As I recently said, I switched TigerEvents over from using a MySQL input file to migrations. There were many decisions behind this choice.
* I wanted the code to be database neutral. Using migrations would allow me to automatically support MySQL, PostgreSQL, and SQLite by making changes to one file instead of 3.
* I know that the database for TigerEvents is going to change at some point in the near future. Rather than write multiple upgrade scripts manually, I could just use the built in migration functions to do it better.
* If for some reason I make a mistake and problems occur on the production site, it is easier to roll back to a previous version using migrations than dump the database, roll back the code, reload the database, etc. (Note, we still make sure to back up the database, cause not doing that is just tempting fate)
* Migrations will, in theory, make development easier. Someone made a change to the schema? Just run rake migrate, and your database is automatically updated. I think this is easier than reinitializing a database and then loading it with data repeatedly (though the second part of this can be handled with Fixtures).

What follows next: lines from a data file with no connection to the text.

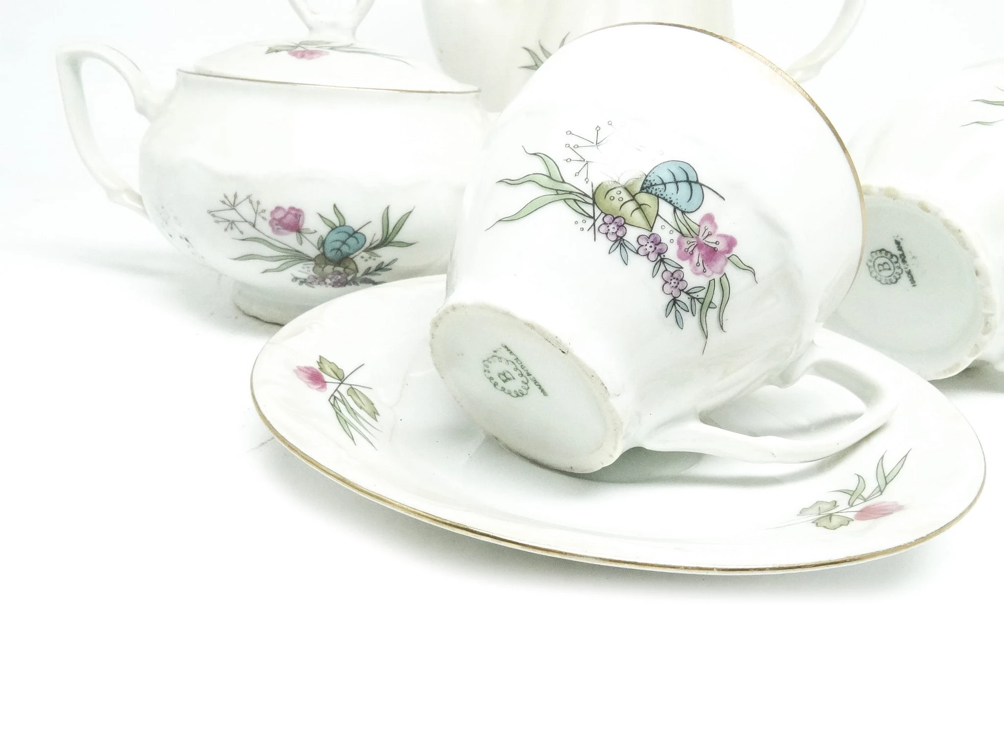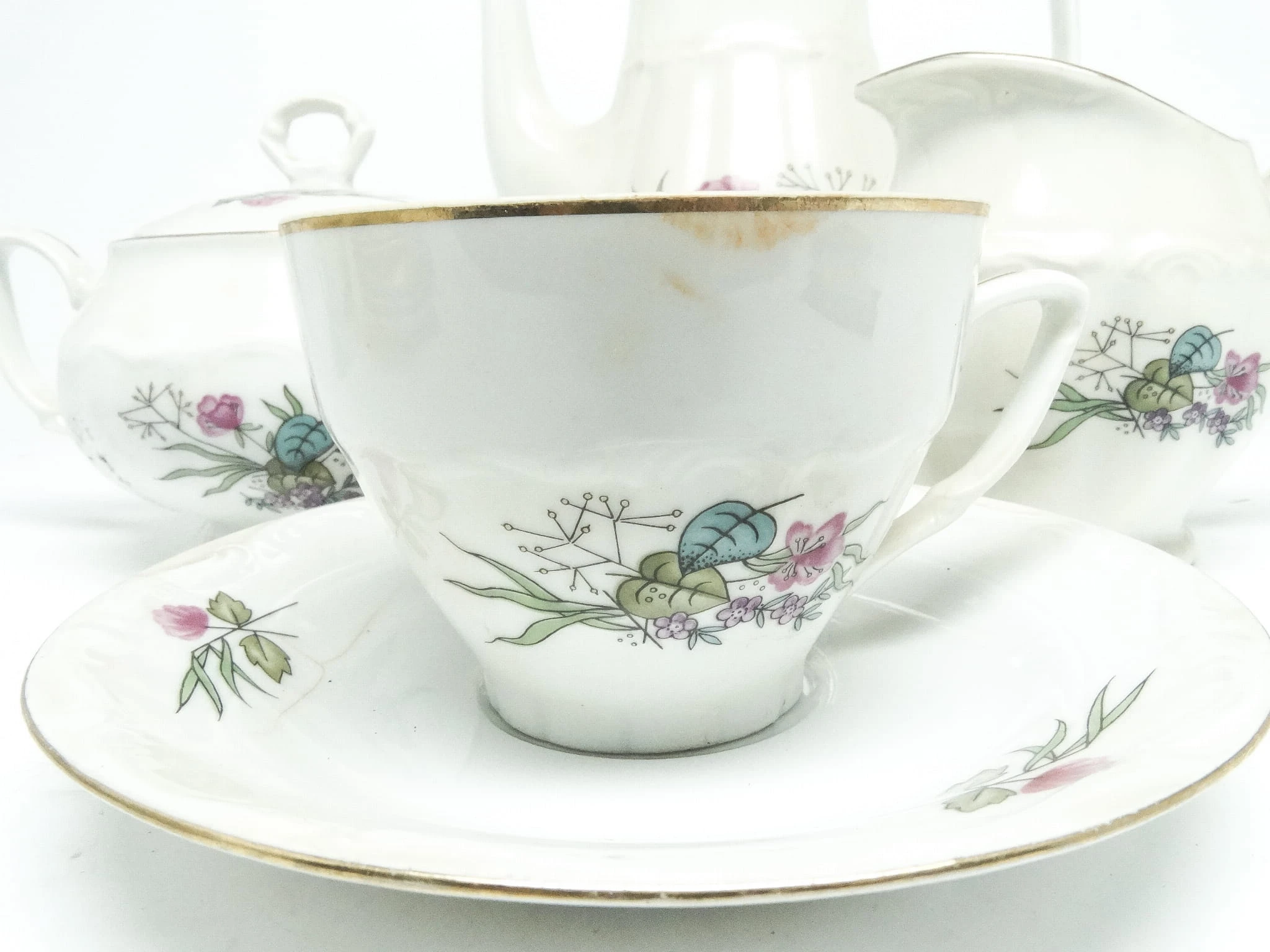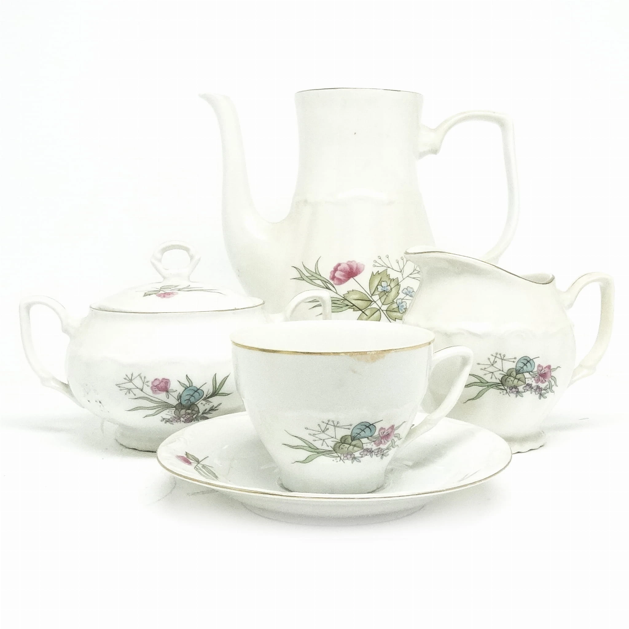 Zestaw składa się z cukiernicy mlecznika i filiżanka. Dzbanek jest dodany w gratisie.
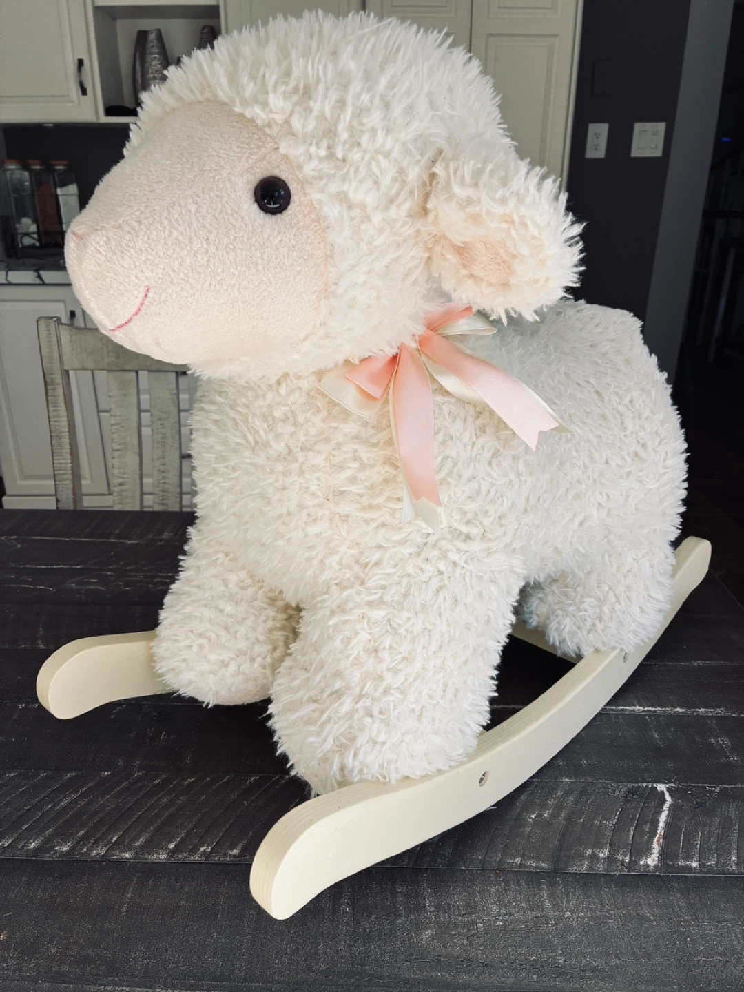 Super cute plush rocking lamb! It's in great condition and would be perfect for a nursery or playroom. It has a soft, fluffy texture and a sweet pink ribbon around its neck
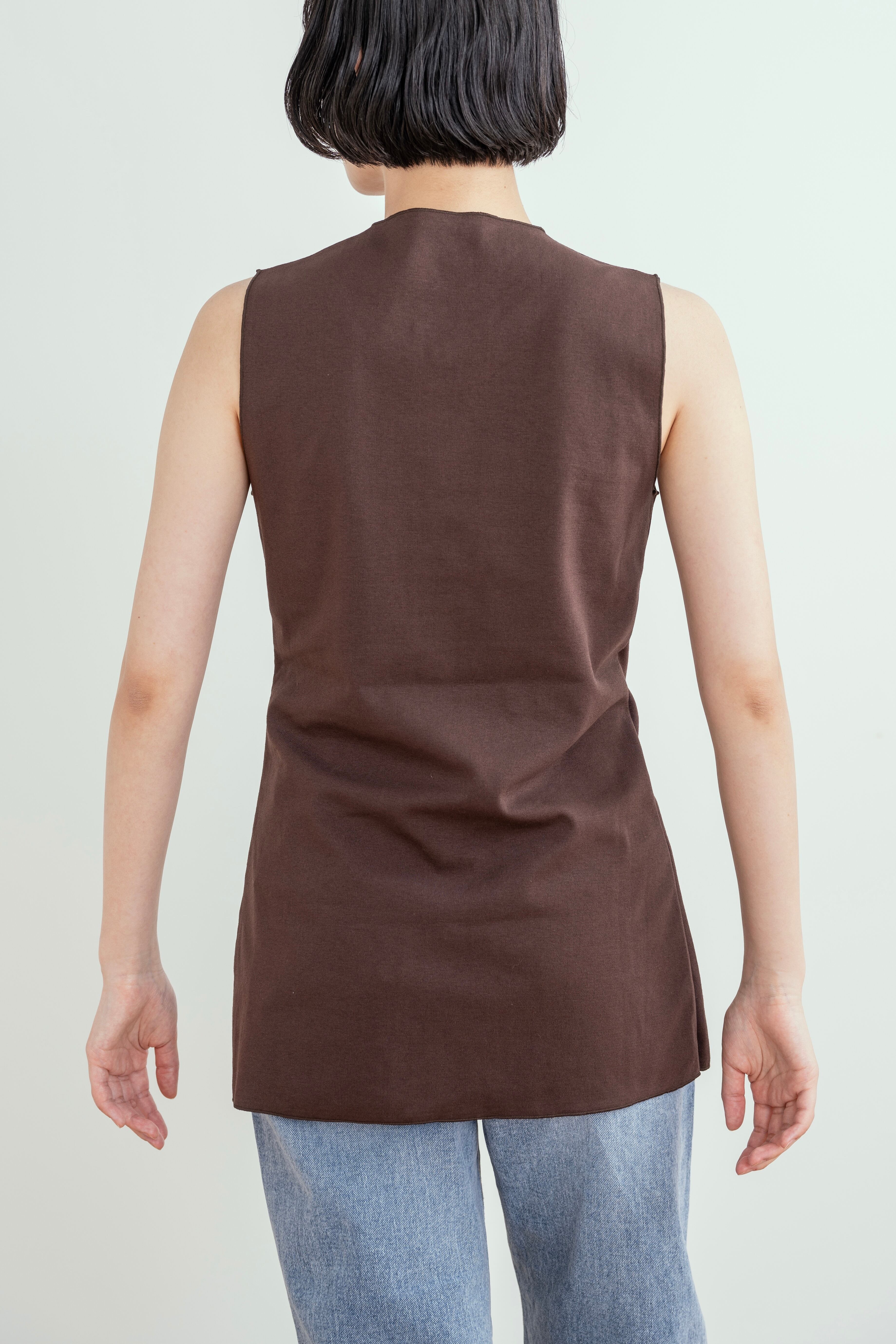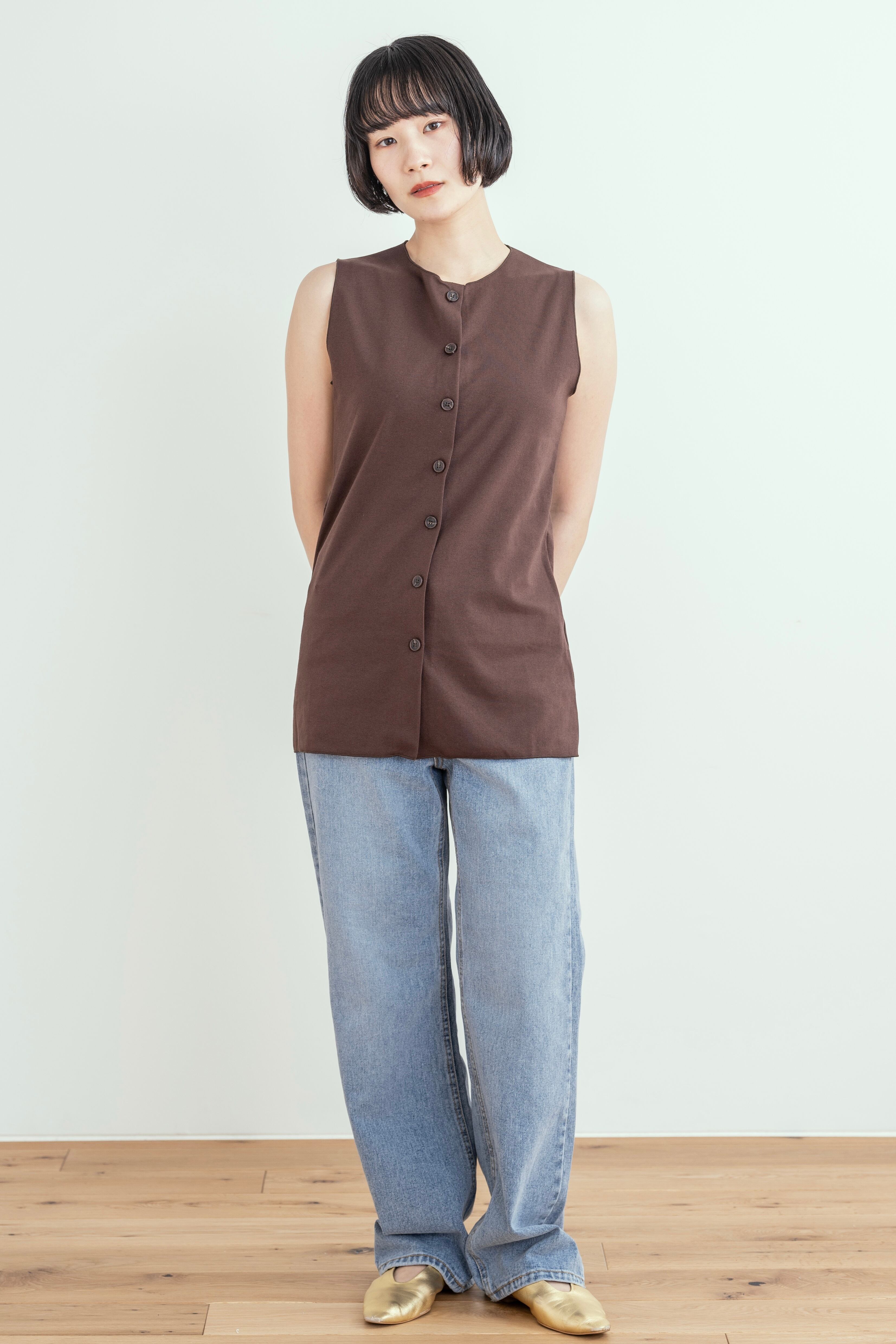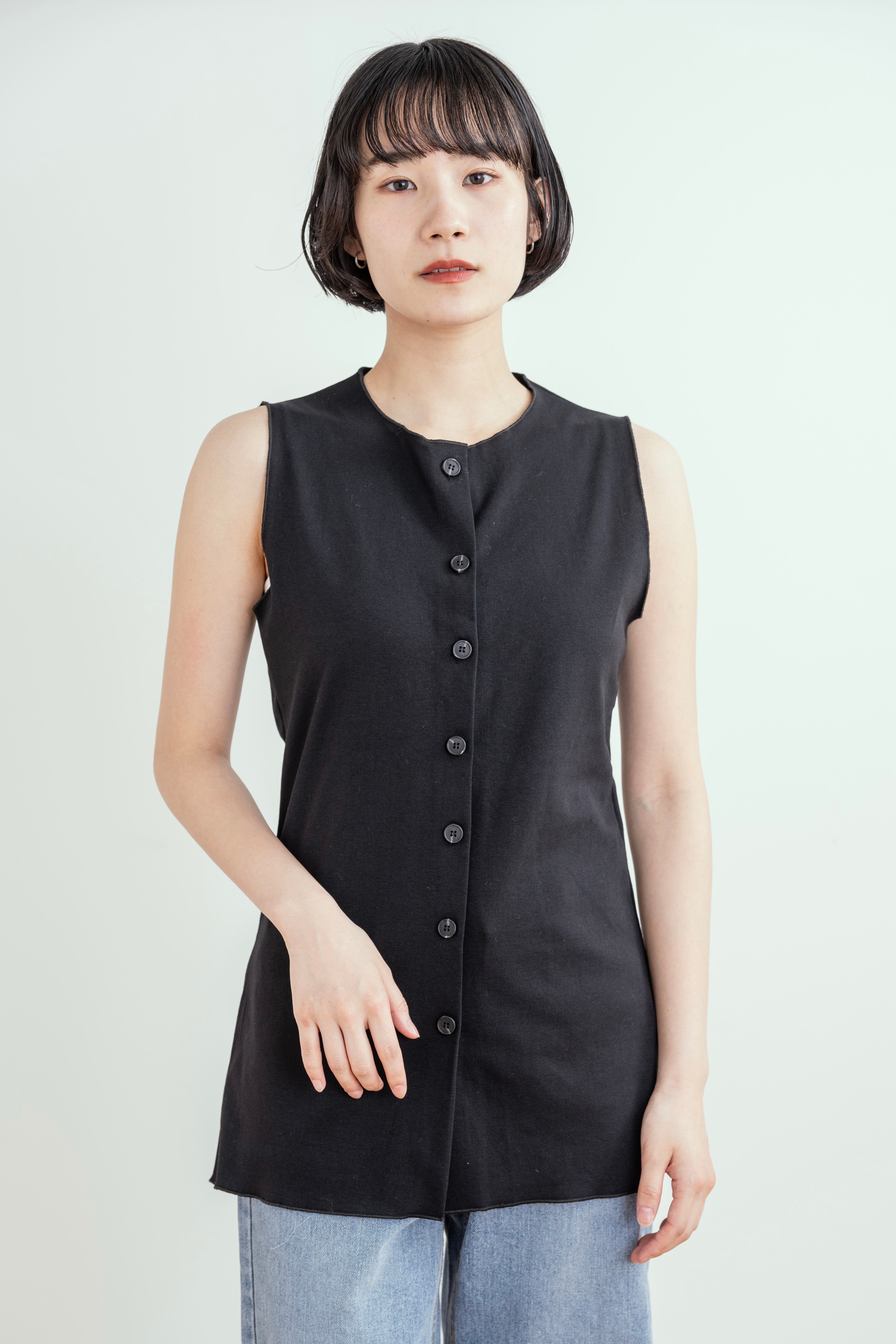 なめらかな肌触りのカット生地を使用したブラウス。ボタンを開ければジレのようにも着られて、
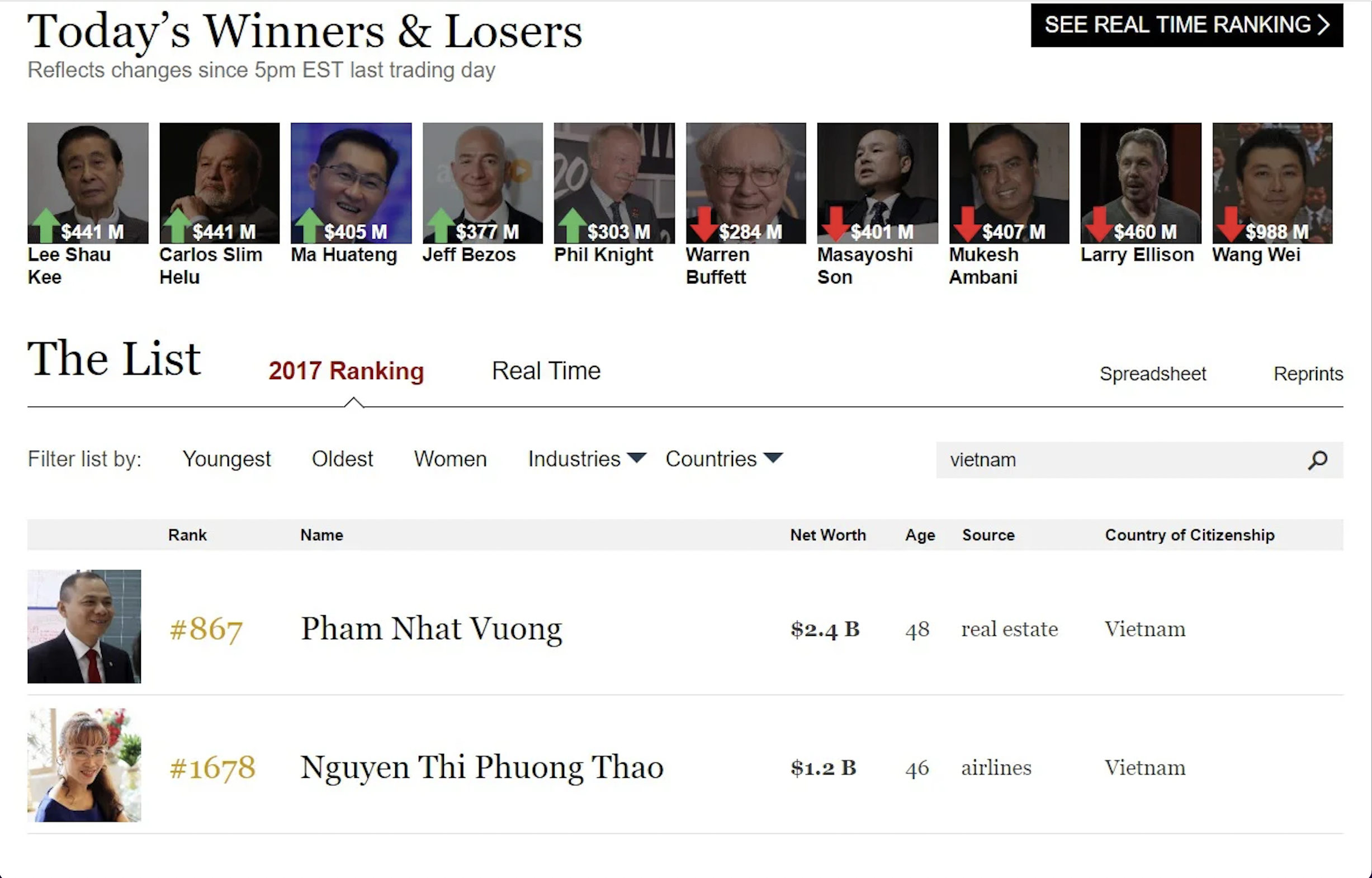 Theo danh sách tỉ phú USD năm 2017 của tạp chí Forbes công bố, Việt Nam ghi nhận 2 tỉ phú USD thế giới, đó là ông Phạm Nhật Vượng - Chủ tịch HĐQT Tập đoàn Vingroup (2,4 tỉ USD) và bà Nguyễn Thị Phương Thảo - Tổng Giám đốc Vietjet Air (1,2 tỉ USD).
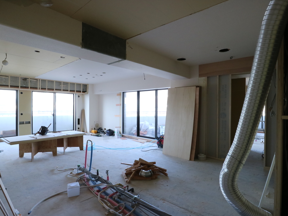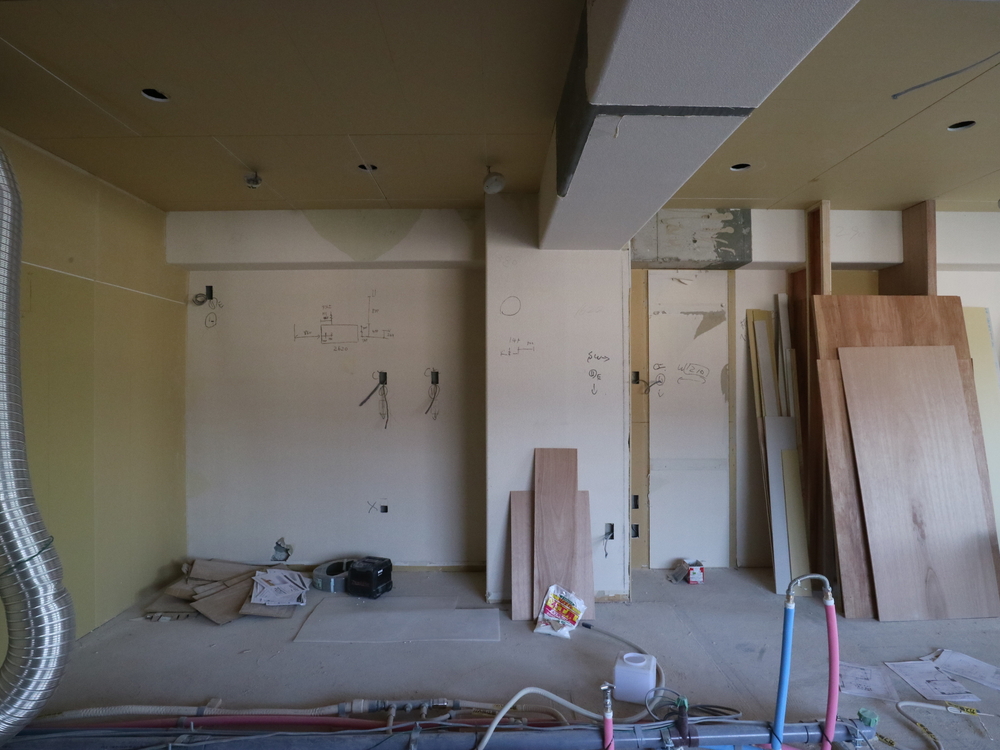 キッチンスペースの施工中

While an awesome introduction to getting started with Migrations has already been written, I feel that the ‘database neutral’ stuff is missing. Using my own experience, several items must be taken into account, mostly due to MySQL usage and certain programming that were being used.
Already Existant Database
So we already had a database. A somewhat large database with a number of tables. I didn’t want to spend a lot of time manually creating the migration code from scratch. Was there a quicker way? You betcha. There was a rake task called db_schema_dump which will dump all the table data from your database to a file called schema.rb. So, once we do that, all we have to do is copy this information to the self.up section of a migration and we are done, right? Unfortunatly, it is NOT that easy. The problem is (in my case) that MySQL data types do not necessarily behave the same. Mostly, this deals with constraints, but also has to do with the boolean data type itself.
Constraints
In MySQL, you can do int(8). In rails, this would be translated into something like :integer, :limit => 8. However, PostgreSQL only has smallint, integer, and bigint, not constraint values. Therefore, the previous rails code returns an error, as PostgreSQL chokes on the SQL command that rails sends it. Therefore, while it is true that you don’t need to know specific SQL syntax, you DO need to know what kind of data you can feed various databases. For TigerEvents, I just generalized items and made the following changes:
:integer, :limit => 8 became :integer
:integer, :limit => 1 which translated to tinyint(1) in MySQL became :boolean
:timestamp became :datetime (which gave me extra functionality). Now, I by no means know if these are the optimal solutions, but they did work.
Boolean Data
We have a few boolean flags in our database. However, MySQL does not have a boolean data type. Instead, tinyint(1) is generally used. Well, generally that is ok, as ActiveRecord will automatically use tinyint(1) when connecting to MySQL and boolean when connecting to PostgreSQL and SQLite. However, since we started out with MySQL, there were numerous statements such as
@newgroups = Group.find(:all, :conditions => ["approved = 0"])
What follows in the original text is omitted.